Like a good knowledge assessment should, this science comprehension instrument consisted of a set of questions that varied in difficulty.
Some, like “Electrons are smaller than atoms—true or false” were relatively easy: even an individual whose score placed him or her at the mean comprehension level, would have had about a 70% chance of getting that one right.
Other questions were harder: “Which gas makes up most of the Earth’s atmosphere? Hydrogen, Nitrogen, Carbon Dioxide, Oxygen?” Someone of mean science comprehension would have only about a 25% chance of getting that one.
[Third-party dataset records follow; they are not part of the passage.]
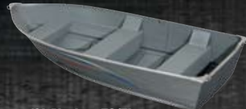
12' Alaskan TS/TL
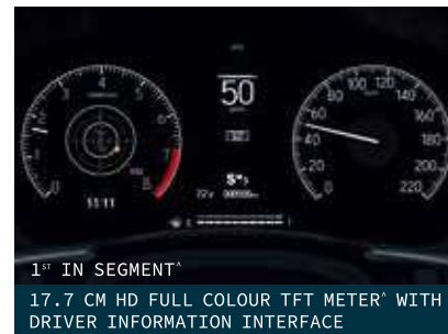
1 st IN SEGMENT* 17.7 CM HD FULL COLOUR TFT METER* WITH DRIVER INFORMATION INTERFACE
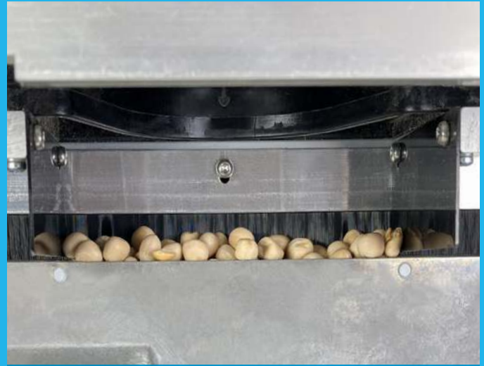
MINIMUM DEBRIS BUILD-UP FOR HIGH ACCURACY
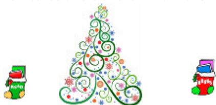
Christmas on the Chisholm Trail 2018

Friends of the Lena Armstrong Public Library
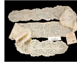
Title: Lappet Date: 1700-1799 Primary Maker: Unknown French Medium: lace

If one looks at the item-response profile for “Human beings, as we know them today, developed from earlier species of animals—true or false?,” an item from the NSF’s Science Indicators battery, we see that it’s difficult to characterize it as either hard or difficult. At the mean level of science comprehension, there is about a 55% chance that someone with an average level of science comprehension will get this one correct. But the probability of getting it right isn’t much different from that for respondents whose science comprehension levels are significantly lower or significantly higher than average.
The reason is that the NSF Indicator Evolution item isn’t a valid measure of science comprehension for a general-population sample of test takers.
Its item-response profile looks sort of like what one might expect of a valid measure when we examine the answers of those members of the population who are below average in religiosity (as measured by frequency of prayer, frequency of church attendance, and self-reported importance of religion): that is, the likelihood of getting it right slopes upward as science comprehension goes up.